Provided material →
☆ ☆ ☆ ☆ ☆
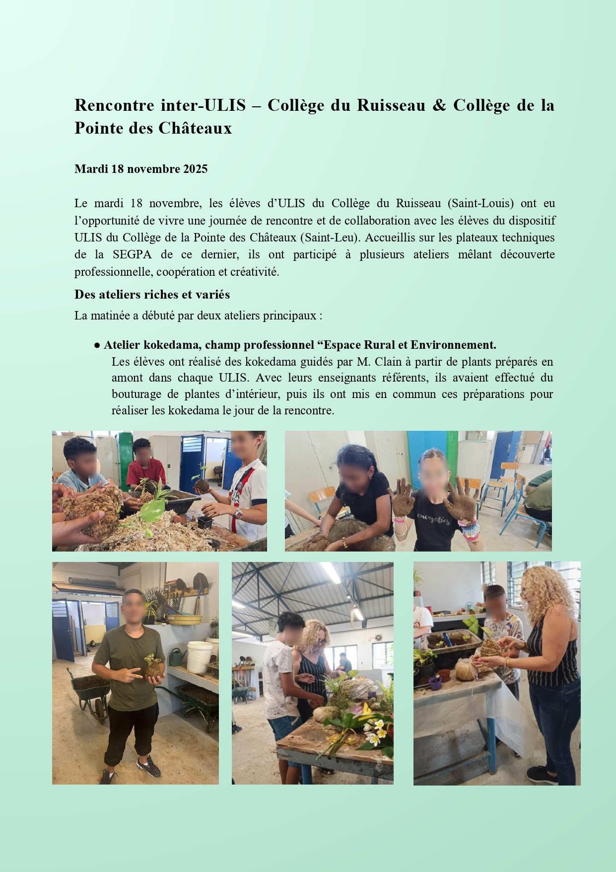 Rencontre inter-ULIS – Collège du Ruisseau & Collège de la Pointe des Châteaux 20 novembre 2025 20 novembre 2025 Demande d’aménagement pour les épreuves du DNB 2026 Rencontres-bilan Parents/Professeurs du premier trimestre
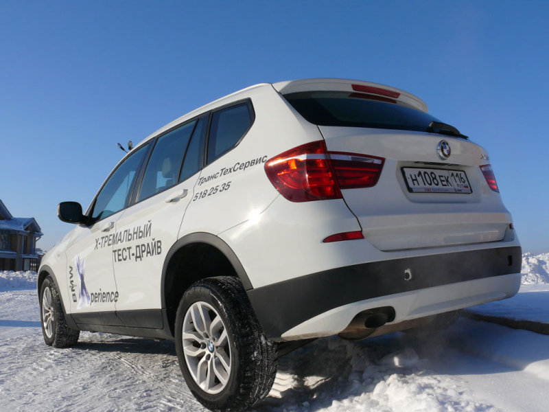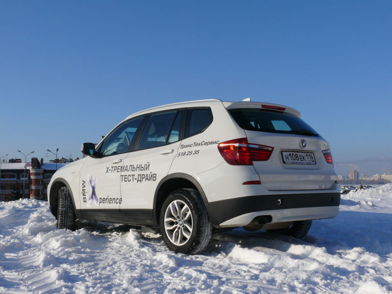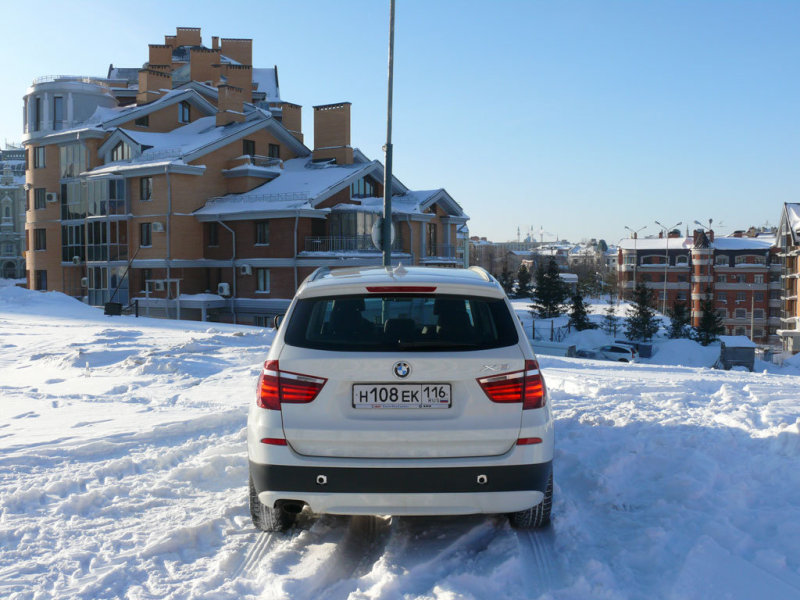 Подвигов в покорении русской распутицы от X3 ждать не стоит, жесткая и короткоходная подвеска машины предназначена не для этого, к тому же нешипуемые зимние шины Pirelli, с не глубокими ламелями готовы только к езде по асфальту. И правильно. Ведь смотрится X3 уместнее в городе, даже несмотря на лишенный изысканности, преемственный Бенгловский стиль…
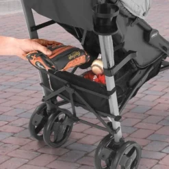 Corso’s one-hand, quick fold design is compact and stands independently without the push handle touching the ground, so you can easily fold it and keep it clean while on the go. If cleaning the stroller becomes necessary, the seat fabrics are removable and machine washable.
☆ ☆ ☆ ☆ ☆
Activity → Could you copy, exactly and with no pictures, each line from the first one above to the line holding "Подвигов в покорении"?

Response to the exercise →
 Rencontre inter-ULIS – Collège du Ruisseau & Collège de la Pointe des Châteaux 20 novembre 2025 20 novembre 2025 Demande d’aménagement pour les épreuves du DNB 2026 Rencontres-bilan Parents/Professeurs du premier trimestre
 Подвигов в покорении русской распутицы от X3 ждать не стоит, жесткая и короткоходная подвеска машины предназначена не для этого, к тому же нешипуемые зимние шины Pirelli, с не глубокими ламелями готовы только к езде по асфальту. И правильно. Ведь смотрится X3 уместнее в городе, даже несмотря на лишенный изысканности, преемственный Бенгловский стиль…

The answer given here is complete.